◆ MATERIALS PROVIDED
_ _ _

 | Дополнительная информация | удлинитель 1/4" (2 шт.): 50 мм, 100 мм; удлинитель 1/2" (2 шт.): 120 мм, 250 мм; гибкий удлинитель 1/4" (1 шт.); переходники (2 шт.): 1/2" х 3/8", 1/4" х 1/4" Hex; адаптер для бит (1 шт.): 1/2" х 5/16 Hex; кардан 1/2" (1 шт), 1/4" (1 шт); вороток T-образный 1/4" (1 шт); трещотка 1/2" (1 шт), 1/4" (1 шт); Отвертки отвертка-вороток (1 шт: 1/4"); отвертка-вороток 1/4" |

_ _ _

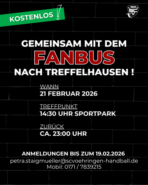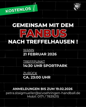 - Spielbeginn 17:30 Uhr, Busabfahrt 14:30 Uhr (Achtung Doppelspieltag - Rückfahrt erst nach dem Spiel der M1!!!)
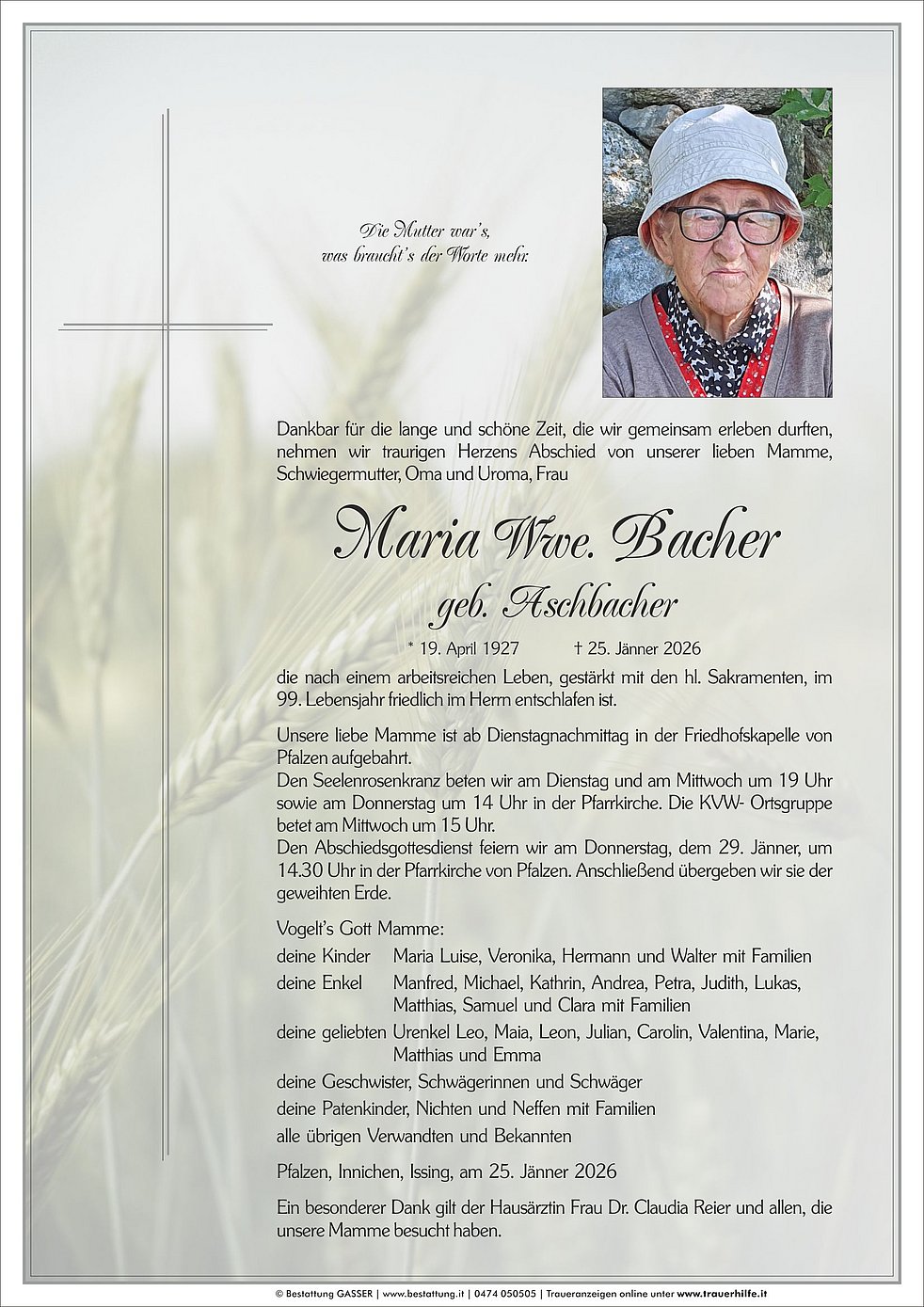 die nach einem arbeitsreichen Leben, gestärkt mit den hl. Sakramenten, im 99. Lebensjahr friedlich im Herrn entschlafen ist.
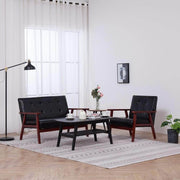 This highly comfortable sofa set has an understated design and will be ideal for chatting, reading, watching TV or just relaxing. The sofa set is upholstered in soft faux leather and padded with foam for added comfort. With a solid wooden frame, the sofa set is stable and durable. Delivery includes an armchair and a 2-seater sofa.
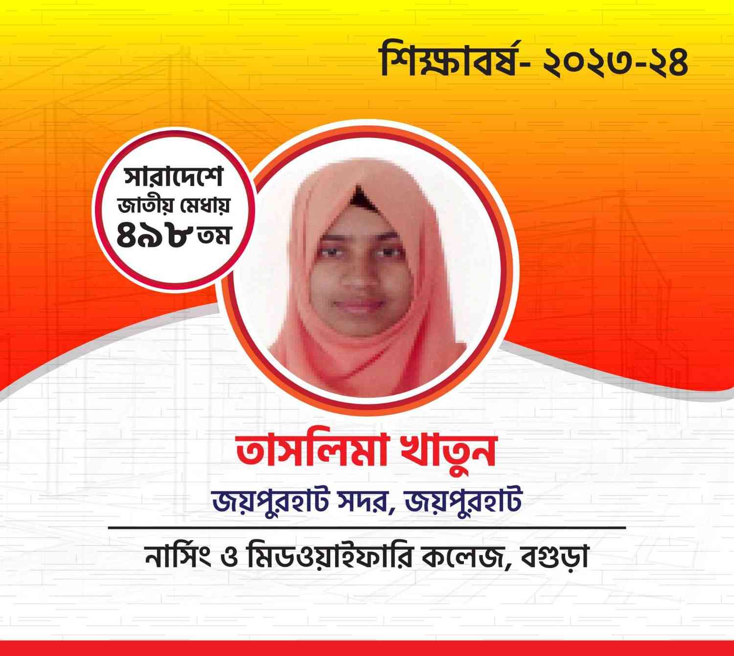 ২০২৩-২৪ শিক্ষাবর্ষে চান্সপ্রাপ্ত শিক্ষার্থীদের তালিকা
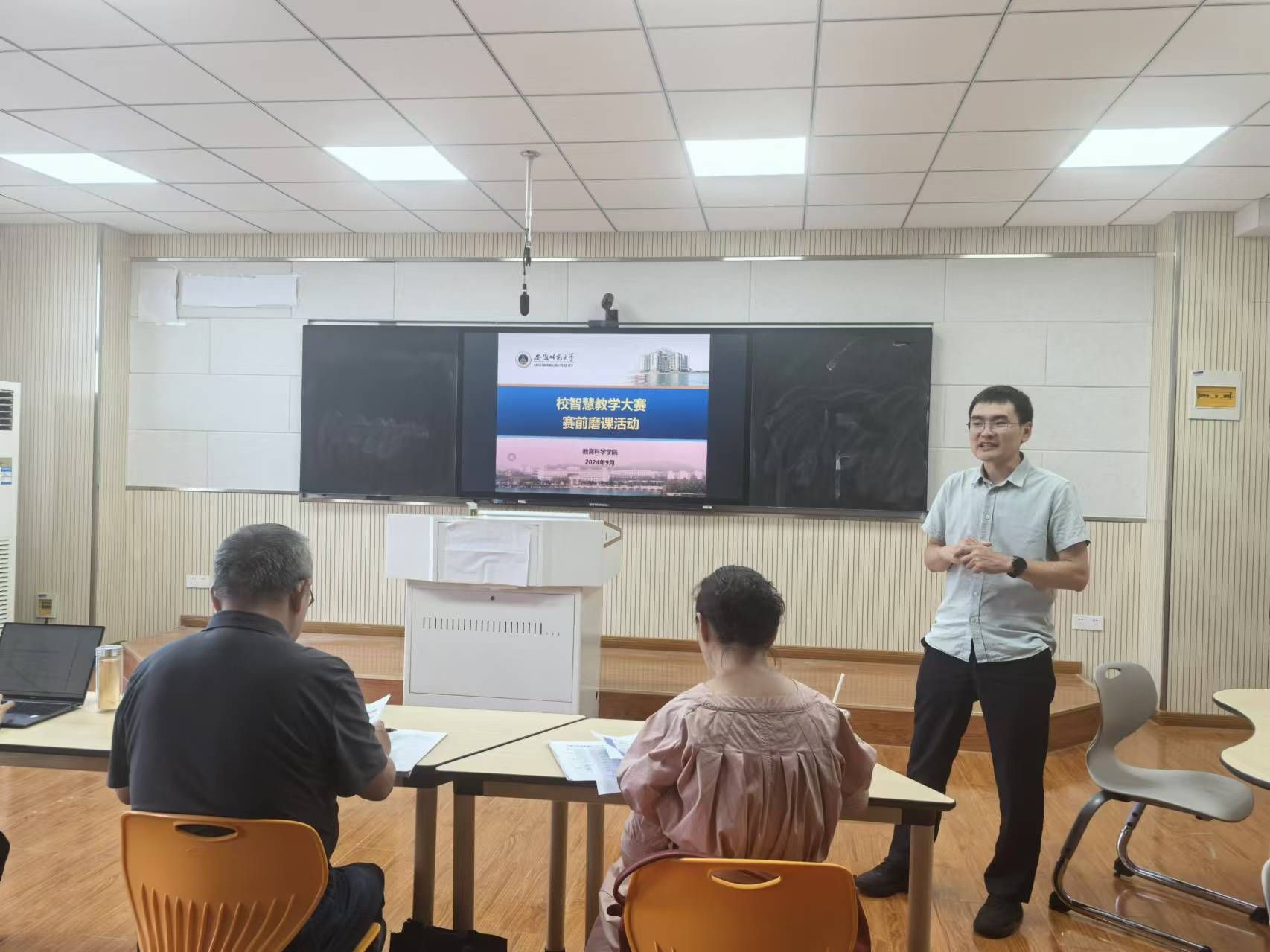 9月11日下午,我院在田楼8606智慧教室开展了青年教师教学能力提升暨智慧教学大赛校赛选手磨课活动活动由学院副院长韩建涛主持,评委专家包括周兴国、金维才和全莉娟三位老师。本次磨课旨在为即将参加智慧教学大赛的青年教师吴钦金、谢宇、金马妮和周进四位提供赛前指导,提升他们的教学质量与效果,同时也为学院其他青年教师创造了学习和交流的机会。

_ _ _

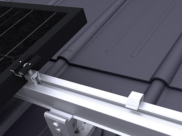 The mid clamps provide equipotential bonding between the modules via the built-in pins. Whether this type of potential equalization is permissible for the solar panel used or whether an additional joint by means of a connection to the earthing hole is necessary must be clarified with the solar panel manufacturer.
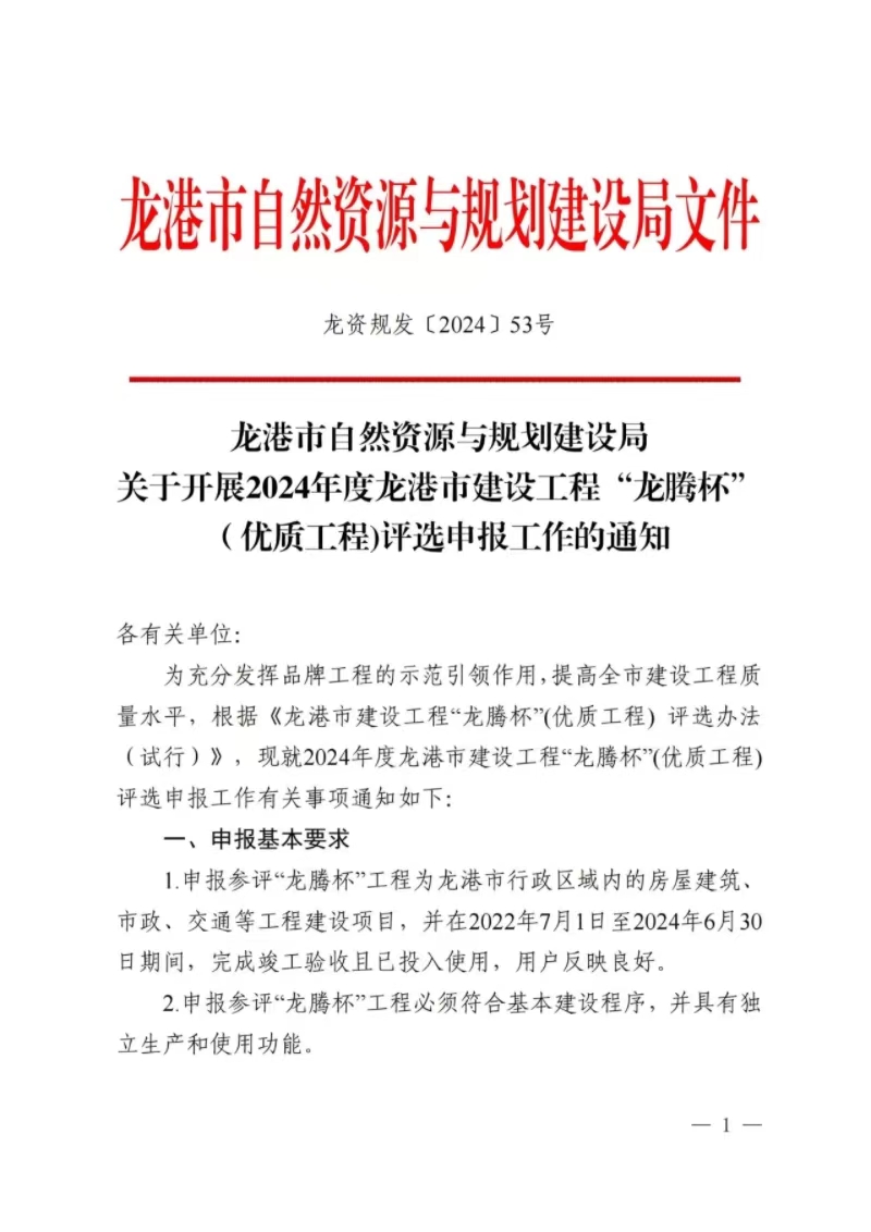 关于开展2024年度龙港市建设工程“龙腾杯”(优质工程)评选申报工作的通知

_ _ _

Your reply should consist solely of the lines above from the line containing "This highly comfortable" up to and including the line containing "9月11日下午,我院在田楼8", reproduced exactly, minus the pictures.

 This highly comfortable sofa set has an understated design and will be ideal for chatting, reading, watching TV or just relaxing. The sofa set is upholstered in soft faux leather and padded with foam for added comfort. With a solid wooden frame, the sofa set is stable and durable. Delivery includes an armchair and a 2-seater sofa.
 ২০২৩-২৪ শিক্ষাবর্ষে চান্সপ্রাপ্ত শিক্ষার্থীদের তালিকা
 9月11日下午,我院在田楼8606智慧教室开展了青年教师教学能力提升暨智慧教学大赛校赛选手磨课活动活动由学院副院长韩建涛主持,评委专家包括周兴国、金维才和全莉娟三位老师。本次磨课旨在为即将参加智慧教学大赛的青年教师吴钦金、谢宇、金马妮和周进四位提供赛前指导,提升他们的教学质量与效果,同时也为学院其他青年教师创造了学习和交流的机会。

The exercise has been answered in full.